Napoléon, que le coup de main des Russes sur Soissons avait à la fois surpris et irrité, donna des ordres formels pour que la ville fût solidement défendue[1]. Le ministre de la guerre dépêcha à Soissons un de ses aides-de-camp, le colonel Müller, avec mission d’inspecter la place. Le rapport conclut que Soissons est tombé au pouvoir de l’ennemi, faute de mesures de défense qu’il eût été aisé de prendre, que la place peut être mise en quelques heures en état da résister, mais que, tout d’abord, « il faut envoyer à Soissons un commandant instruit et ferme[2]. » Le choix du ministre se porta sur un officier qui, rien du moins ne le fait supposer, n’était pas particulièrement instruit et qui, en tous cas, manquait de fermeté. C’était un général de brigade, nommé Moreau[3]. Le 11 février, il avait défendu, ou plutôt il s’était préparé à défendre Auxerre contre les Autrichiens, et Clarke, abusé sur cette prétendue défense, le croyait un foudre de guerre[4]. Le général Moreau partit pour Soissons, où déjà était l’assemblée une nouvelle garnison, peu nombreuse, à la vérité, mais composée de soldats aguerris : un bataillon

  1. Correspondance de Napoléon, n° 21,290 et 21,309; Moniteur du 18 février. Mémoires du roi Joseph. (Lettre à Clarke, 25 février.)
  2. Rapport du colonel Müller, 23 février (Archives de la guerre).
  3. Jean-Louis Moreau, baron de l’empire, né à Lyon le 14 janvier 1755. (Dossier de Moreau, Archives de la guerre.)
  4. « J’ai lieu d’être persuadé que vous saurez défendre cette ville (Soissons) avec la vigueur et l’énergie que vous avez montrée pour la dépense de la ville d’Auxerre. » (Lettre de Clarke à Moreau, 27 février, Archives de la guerre).

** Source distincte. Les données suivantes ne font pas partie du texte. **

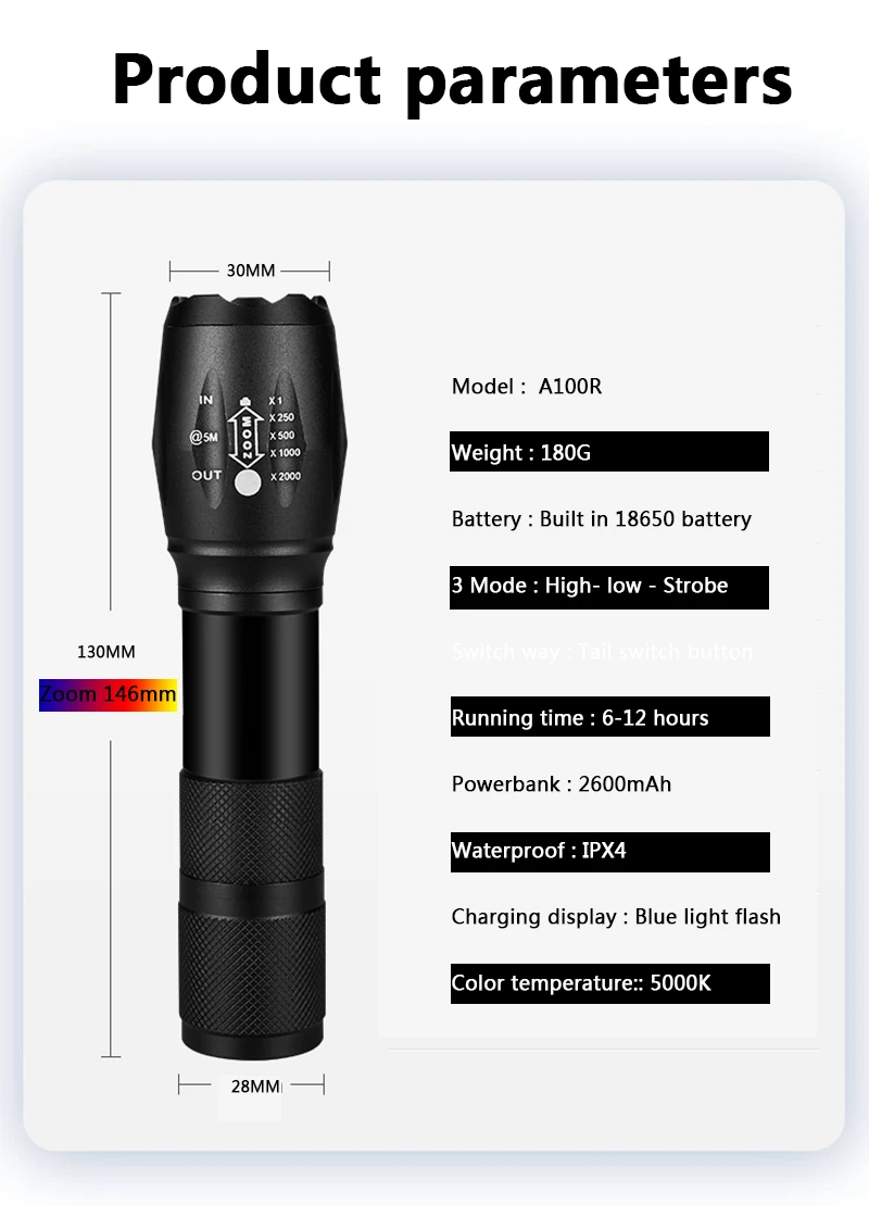 Упаковка А: 1 * фонарик (встроенный аккумулятор) , 1 * зарядное устройство Micro USB,

La vigueur et l’énergie de Moreau s’étaient réduites à ceci : le 10 février, Moreau, sommé de capituler par trente dragons autrichiens, avait répondu qu’il «défendrait la ville jusqu’à la mort, » et le 11 février, 2,000 Autrichiens étant en vue, il avait quitté Auxerre sans même attendre l’arrivée du parlementaire, qui fut reçu par les autorités municipales. Pas un coup de feu ne fut tiré. — Il est juste de dire que Moreau avait à Auxerre fort peu de troupes avec lui et que, d’ailleurs, les habitans ne voulaient pas se défendre. Si la conduite de Moreau, dans cette circonstance, ne méritait peut-être pas de blâme, encore moins méritait-elle des éloges.